The expression looks super simple, like there should be no issue vectorizing it. Julia does so beautifully. Updating an 8x8 matrix in place:
# Julia benchmark; using YMM vectors
#benchmark mul!($c8, $a8, $b8)
BenchmarkTools.Trial:
memory estimate: 0 bytes
allocs estimate: 0
--------------
minimum time: 57.059 ns (0.00% GC)
median time: 58.901 ns (0.00% GC)
mean time: 59.522 ns (0.00% GC)
maximum time: 83.196 ns (0.00% GC)
--------------
samples: 10000
evals/sample: 984
This works well.
Compiling the Fortran code with:
gfortran-trunk -march=native -Ofast -mprefer-vector-width=256 -shared -fPIC mul8module1.F08 -o libmul8mod1v15.so
Benchmark results:
# gfortran, using XMM vectors; code was unrolled 8x8 matrix multiplication
#benchmark mul8v15!($c8, $a8, $b8)
BenchmarkTools.Trial:
memory estimate: 0 bytes
allocs estimate: 0
--------------
minimum time: 122.175 ns (0.00% GC)
median time: 128.373 ns (0.00% GC)
mean time: 128.643 ns (0.00% GC)
maximum time: 194.090 ns (0.00% GC)
--------------
samples: 10000
evals/sample: 905
Takes about twice as long.
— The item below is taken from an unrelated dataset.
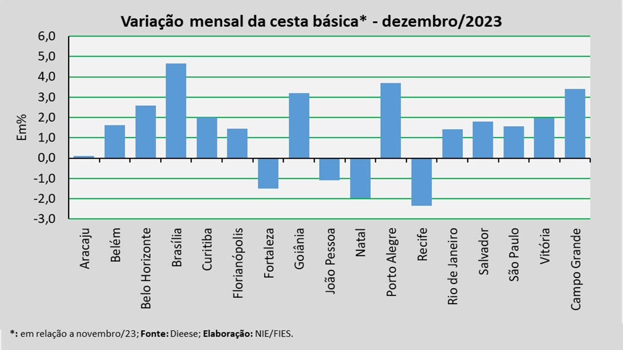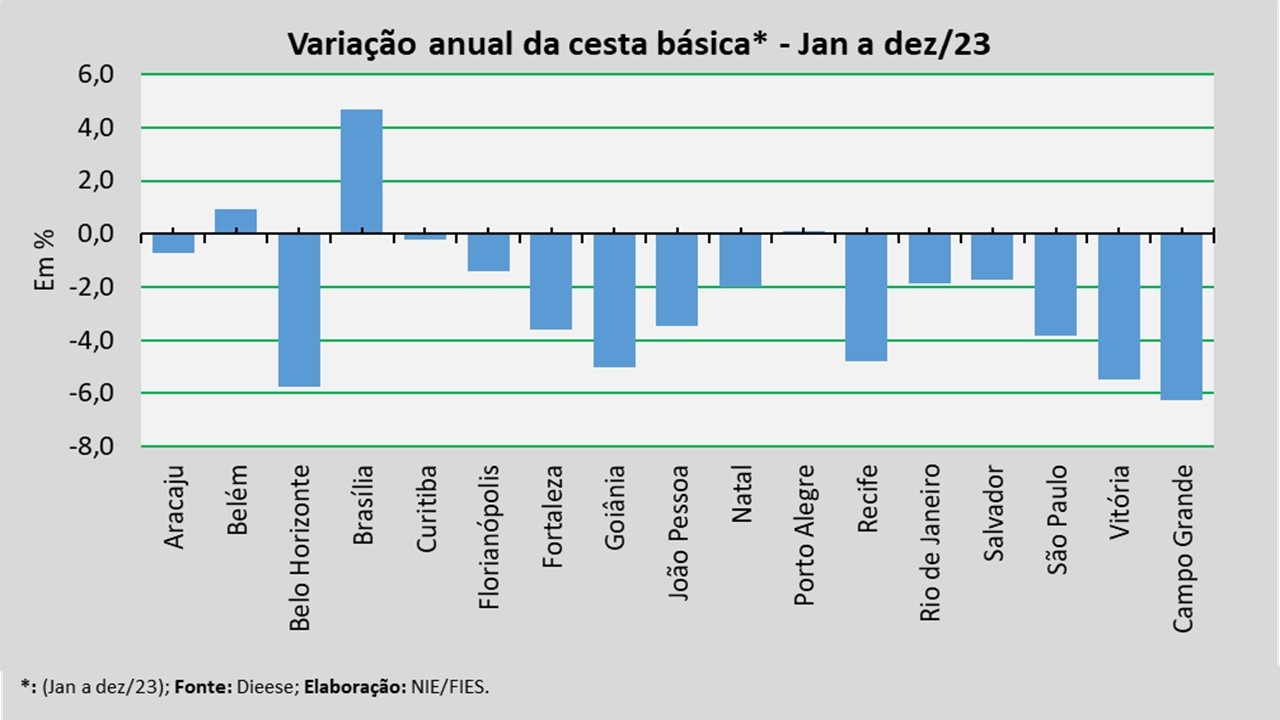 Em 2023 o valor da cesta básica diminuiu em 15 das 17 capitais pesquisadas, em comparação com 2022, destaque para Campo Grande que registrou a redução mais expressiva (-6,25%), seguida de Belo Horizonte (- 5,75%) e Vitória (-5,48%). Por outro lado, Belém (0,94%) e Porto Alegre (0,12%) registram aumento no acumulado de 2023.

Looking at the assembly with -S reveals it ignored my -mprefer-vector-width=256, and used xmm registers instead.
This is also more or less what I get in Julia when I use pointers instead of arrays or mutable structs (when given pointers Julia assumes aliasing and compiles a slower version).
I tried a variety of variations on generating Fortran code (eg, sum(va * vb) statements, were va and vb are 4-length vectors), but the simplest was just calling the intrinsic function matmul.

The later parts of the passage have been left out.